Впервые за четыре дня судебного разбирательства Скулов вдруг расслышал и сообразил, что в зале присутствуют отец и мать погибшего Эдуарда Вешнева. Вздрогнул, точно очнувшись, сразу нашел их среди публики и уже смотрел и смотрел не отрываясь, и ненависть в нем постепенно гасла, заменялась чем-то вроде сожаления, что ли. Нет, не пьяного Эдика с пьяным его матом пожалел он, а этих двух потухших, совсем еще не старых стариков, которым, наверно, еще не было и пятидесяти и уже не было жизни. Поэтому он не слушал прокурора, не мог слушать, а думал о той ночи, о выстреле, о сыне этих несчастных и о собственном сыне, которого никогда не видел, и еще — о том ребенке, о котором всю жизнь мечтала Аня и которого у нее не было и не могло быть. «И чего тогда из детдома не взяли, чего испугались?..»
Он не слышал главного: чего прокурор требовал. Поздно очнулся от дум, смысла речи не уловил, но — по инерции, что ли, — начал слушать защитника. А защиту представлял молодой, тот, что заходил к нему в перерыв, о какой-то трубе спрашивал: для него это дело было первым, и он, растерянный и убитый несчастьем со своим патроном, не успел подготовиться, а потому и пробормотал свою речь неубедительно. Просил суд учесть прошлые заслуги, фронтовую инвалидность, состояние здоровья обвиняемого, ничего уже не подвергая сомнению и во всем соглашаясь с обвинением. Слушали его без интереса, перешептывались, скрипели стульями и замерли только, когда суд представил последнее слово подсудимому.

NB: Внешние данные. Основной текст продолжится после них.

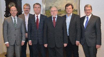 Arbeiten Hand in Hand im zivil-militärischen Bereich zusammen (v. l.): Kommandeur Landeskommando Nordrhein-Westfalen Oberst Jürgen Bergmann, Landrat Thomas Kubendorff, Stellvertreter des Generalinspekteurs der Bundeswehr Vizeadmiral Wolfram Kühn, Kreisordnungsdezernent Dr. Martin Sommer und der Leiter Kreisverbindungskommando Steinfurt, Oberstleutnant Bernd Lange.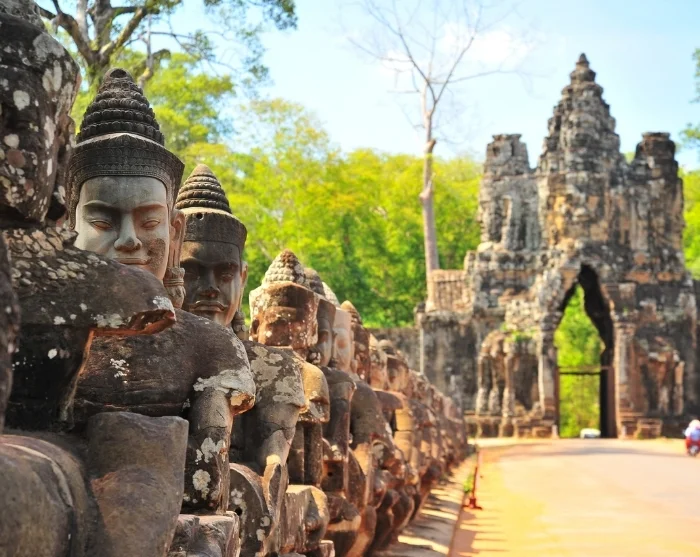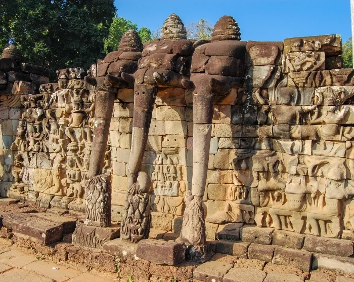Auch die Terrasse der Elefanten mit zahlreichen in Stein gehauenen Elefantenköpfen, die eine Mauer bilden, müssen Sie erleben. Von dort konnte König Jayavarman seinerzeit sein Heer überblicken. In unmittelbarer Nähe liegt die Terrasse der aussätzigen Könige mit einer Statue von Yama, dem Gott des Todes in der hinduistischen Mythologie.
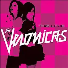 "This Love" is a dance-rock song written by Toby Gad and a then-unknown Kesha, produced by Gad for Australian musical duo the Veronicas' second album, Hook Me Up (2007). It was released as the album's third single in Australia as a digital download on 30 March 2008 and CD single 14 April 2008. The song became a top-10 hit in Australia and top-20 hit in New Zealand, peaking at numbers 10 and 14, respectively. AllMusic called "This Love" "an utterly charming dance-rock confection that, in its last minute, abruptly unleashes a euphoric synthesizer countermelody whose nod to a-ha's 'Take On Me' is unmissable."[1]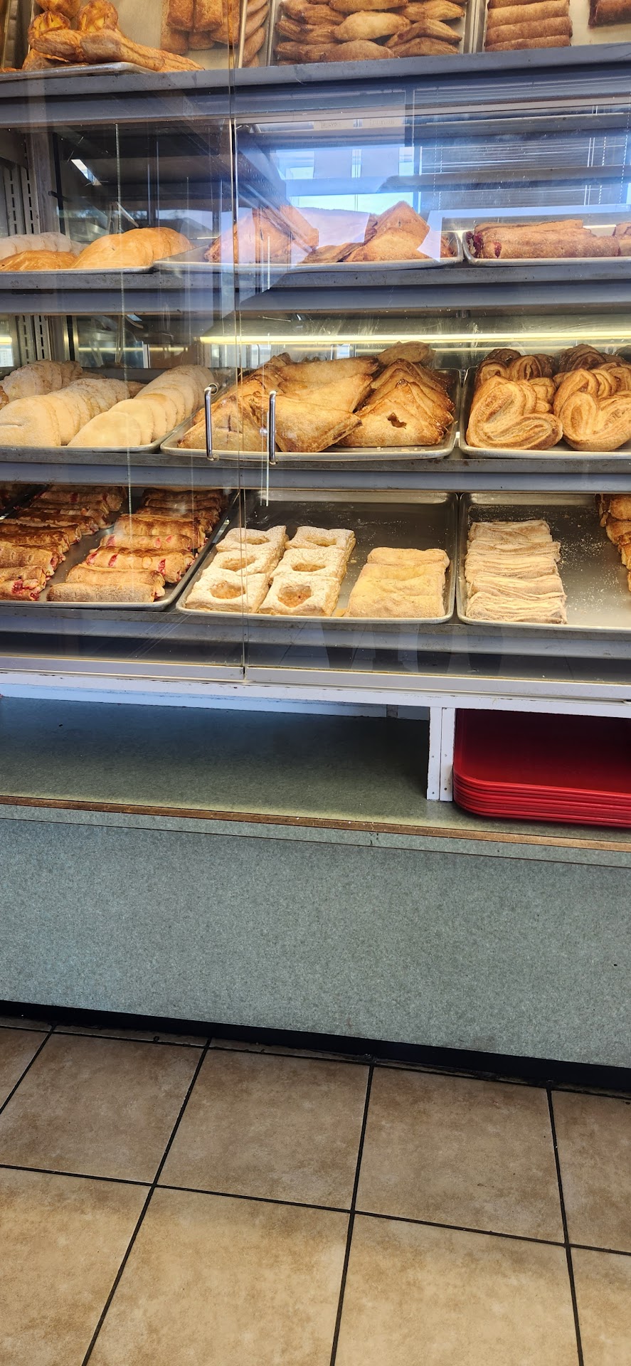 My mom and I happened upon this bakery when she visited this past weekend. The store is very clean and well kept, and service is friendly. We couldn't help ourselves and ordered quite a few things: some of the dinner rolls, a couple of turnovers, an empanada, and two things I do not know the names of (a small chocolate covered cake and a cold cake made of what seems to have been layers of a fine pastry and a cream of some sort, topped by a variety of fruits). All of them were delicious and didn't last the weekend.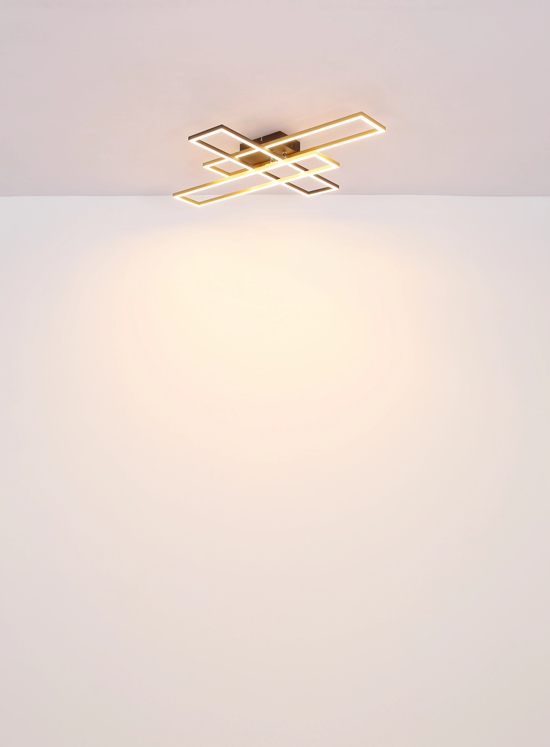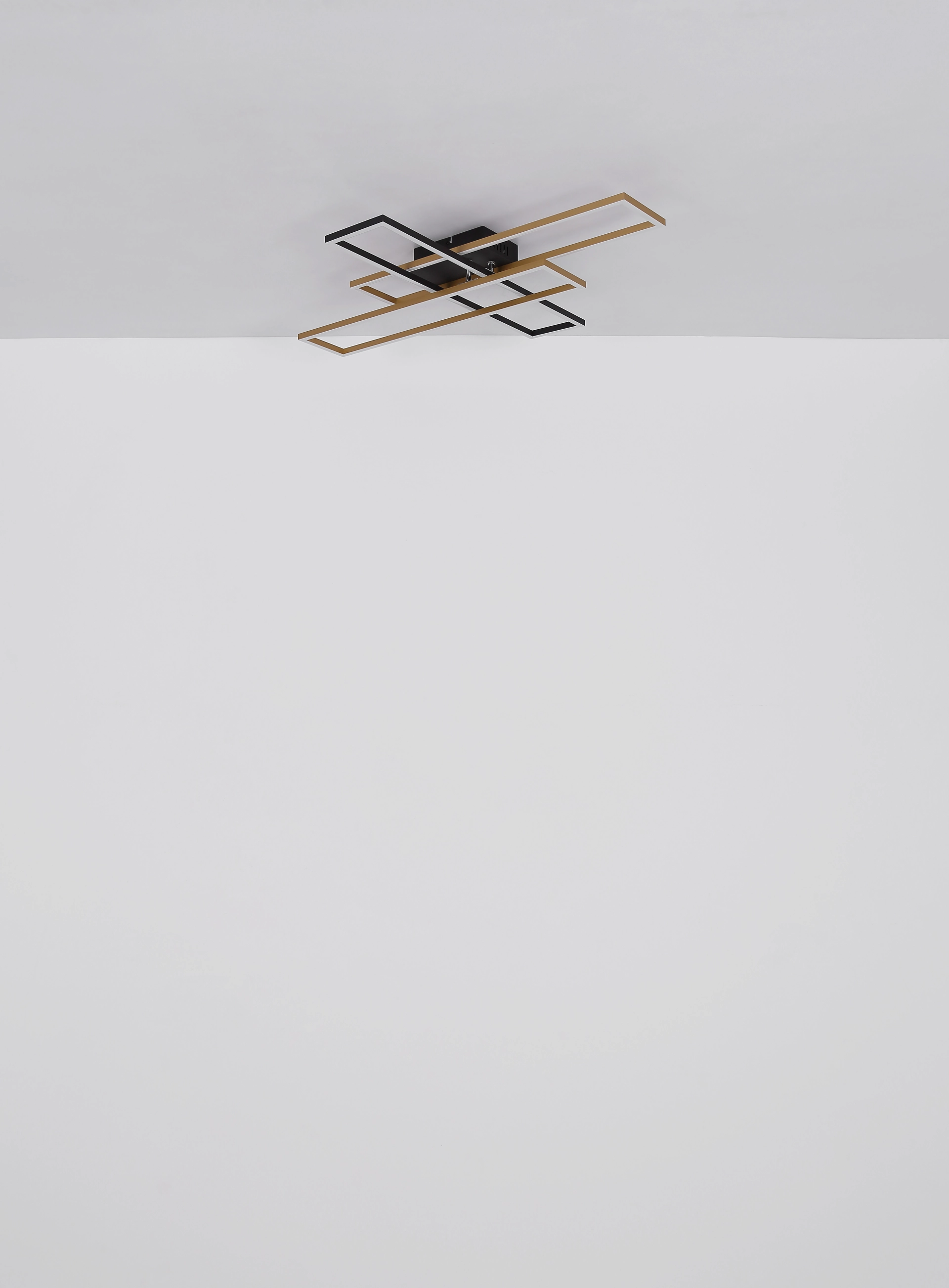 The modern ceiling lamp made of black matt metal, aluminium in black and gold as well as opal plastic is ... Read more Read more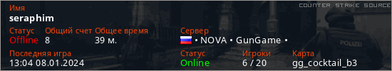 Играет на Counter Strike Source сервере. Страна: РоссияПервый раз замечен 01:45 11.07.2023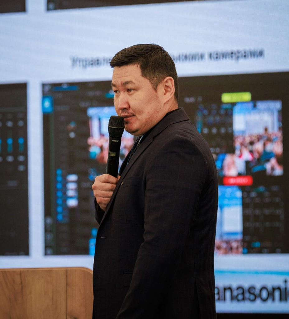 Марлен Алмабаев, ответственный за развитие решений для видеопроизводства и телевещания, представил участникам новинки категории PRO-AV 2025: обновленную линейку 4К-камкордеров AG-CX370EJ и AG-CX20EJ, которые благодаря новому функционалу и расширенным возможностям подключения гармонично дополняют линейку высококлассного оборудования. Также были представлены новые многоцелевые камеры AW-UB50E и AW-UB10E с разрешением 4К, основанные на технологии цифровых камер со сменными объективами и оснащенные новыми функциями для оптимизации процессов производства видео, включая профессиональную модель для использования на кранах и рельсовых системах AK-UBX100. Модель имеет продвинутый автофокус, поддержку современных протоколов, включая SRT и полный NDI, а также подавление муара, что делает ее лучшим решением для театров, залов Парламентов и конгресс-холлов. Была презентована и программа управления для PTZ камер – Media Production Suite и ее новый функционал - возможность размывать лица в реальном времени, что может быть полезно при отказе некоторых присутствующих дать согласие на съемку, и возможность делать автоматические PiP с крупными планами всех выступающих. В заключении Марлен проинформировал о снятии с производства популярной PTZ камеры AW-UE150 и представил преемницу AW-UE150A, которая превосходит своего предшественника и отвечает всем требованиям современного видеопроизводства.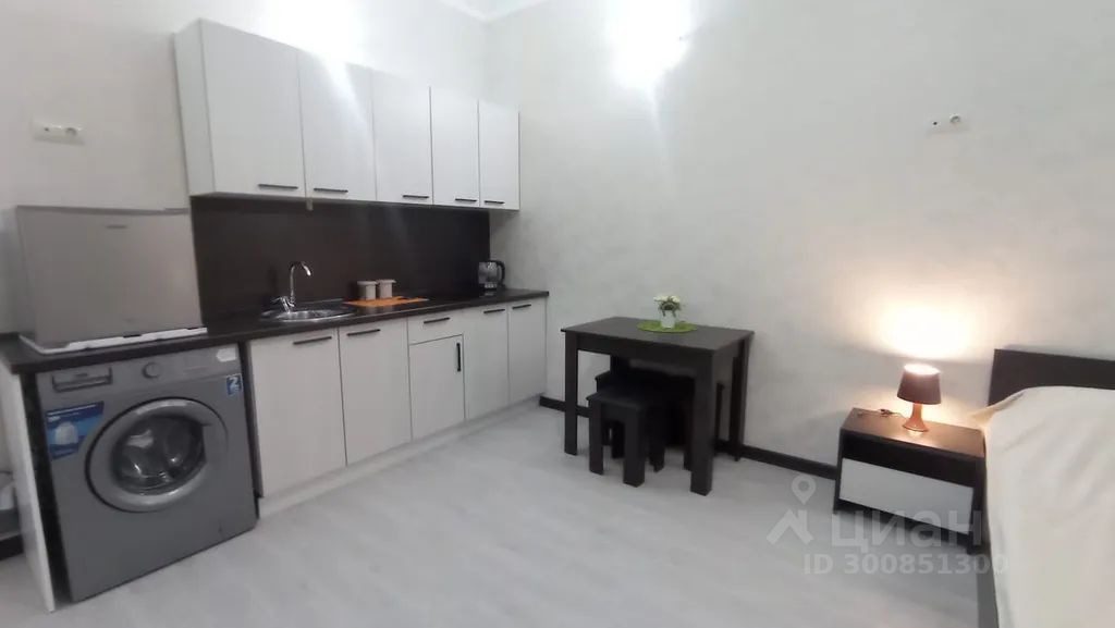 Прекрасные апартаменты в тихом спокойном районе Сочи, поселок Лоо: студия 36 кв. м в апарт-комплексе "Лообоярд" с отдельным входом и всем необходимым для проживания и отдыха: кухонная зона с плитой, холодильником, обеденным столом, телевизором, стульями и посудой; машина стиральная, утюг с гладильной доской, 2 кровати при желании раздвигаются, другие предметы интерьера. Туалетная комната с душем. Теплые полы. Предоставляются комплекты белья и полотенца.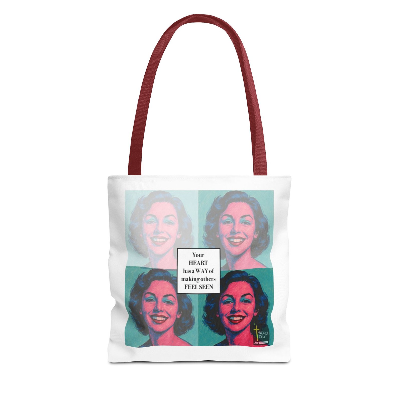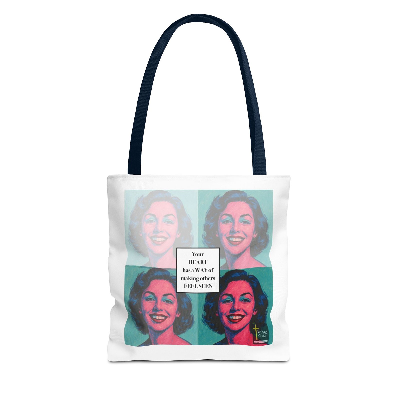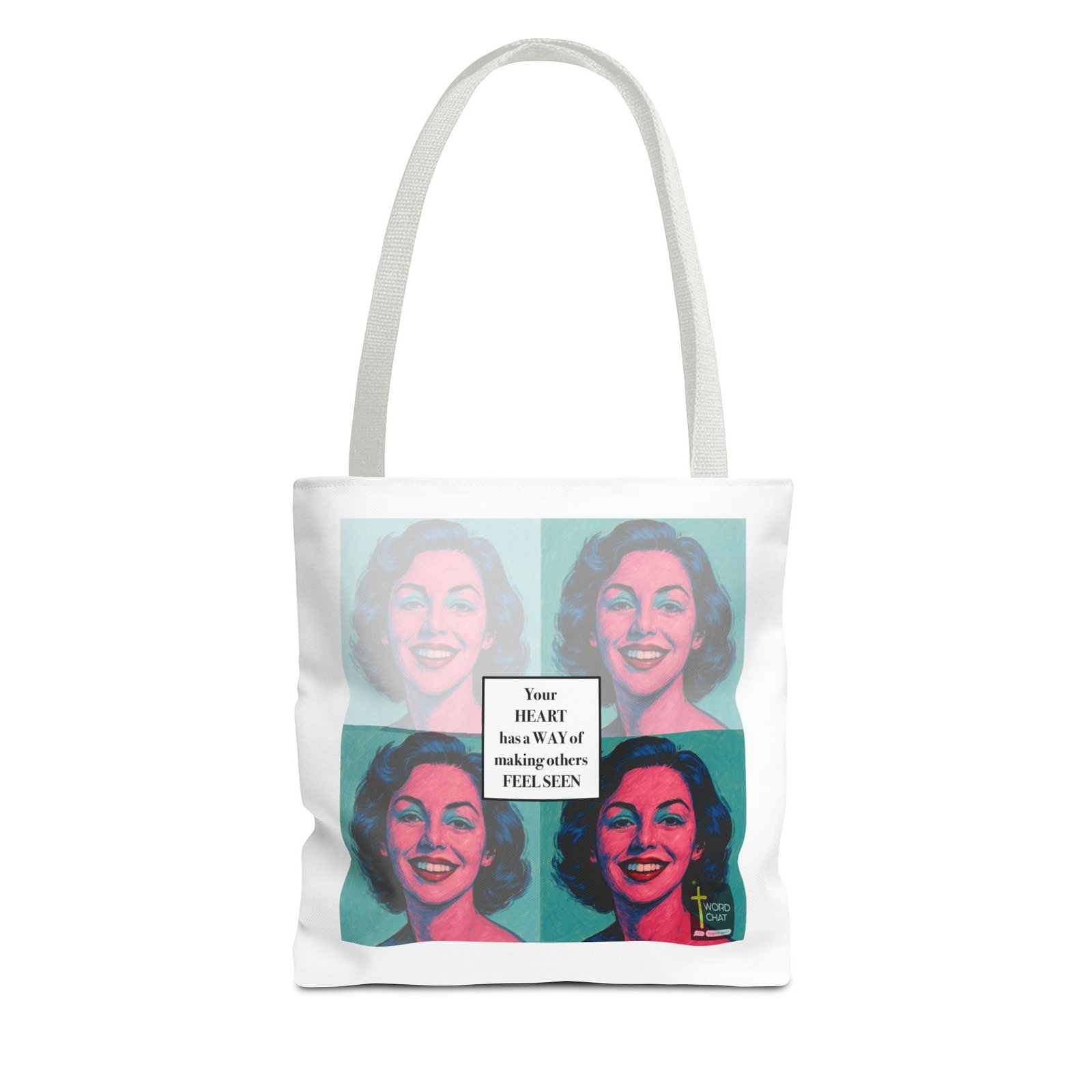 This vibrant pop art image features a four-panel grid layout inspired by Andy Warhol’s iconic style, displaying the same woman’s portrait in different color variations of pink, blue, and teal. Each panel showcases a smiling woman with wavy mid-length dark hair, rendered in bold, contrasting hues typical of 1960s pop art aesthetics. The center of the composition contains an overlaid white text box with the inspirational message “Your HEART has a WAY of making others FEEL SEEN” in black serif typography. The WordChat logo appears in the bottom right corner, identifying this as motivational or spiritual content designed for social media sharing. The artwork combines classical pop art techniques with contemporary inspirational messaging, creating an uplifting visual perfect for wellness, mental health, or faith-based communications.

— Вставай. Вставай, слышишь? — зашипел в ухо конвоир и помог подняться.
Поднявшись, Скулов двумя руками вцепился в барьер и молча уставился в зал. Он хотел посмотреть и на детей — на Майку с Виктором — и на Нинель, которая так неожиданно вступилась тут за него, очень хотел, но не смог. Не мог он оторвать глаз от двух нестарых стариков, от родителей, которых он состарил, лишил сына, смысла жизни, сил и желания жить. Смотрел и молчал, и пальцы у него побелели, до того он барьер стискивал. Судья дважды напомнила, чтоб говорил, что ждут же все его последнего слова. И тогда Скулов понял, что не может он в глаза родителям убитого им парня сказать то, что задумал еще в камере: мол, три раза я в воздух стрелял, четвертый — в него. И если бы промахнулся или там осечка случилась, снова бы ружье перезарядил, а все равно бы — в него, в пьяного Эдика этого. И тогда бы уж — дуплетом, тогда бы уж — залпом, наповал, потому что он, Эдуард этот, Аню его покойную, единственную его Аню такими словами обозвал, что… Нет, не мог, оказывается, Скулов этим признанием суд над собою завершить и, не отрывая глаз от родителей погибшего Эдуарда Вешнева, сказал совсем не то, о чем думал и что собирался сказать:
— Единственно, перед кем вину чувствую, так это перед вами. Не перед ним, в которого выстрелил, не перед судом, не перед обществом вины не чувствую, хоть и виноват, знаю, а вот перед теми, кто родил, вскормил и вырастил, перед ними я виноват неоплатно. — Скулов низко, сколько барьер позволял, склонился, постоял в поклоне, а распрямившись, сказал жестко: — Прошу суд вынести мне самое тяжелое наказание. Самое тяжелое. Все. Больше говорить не буду.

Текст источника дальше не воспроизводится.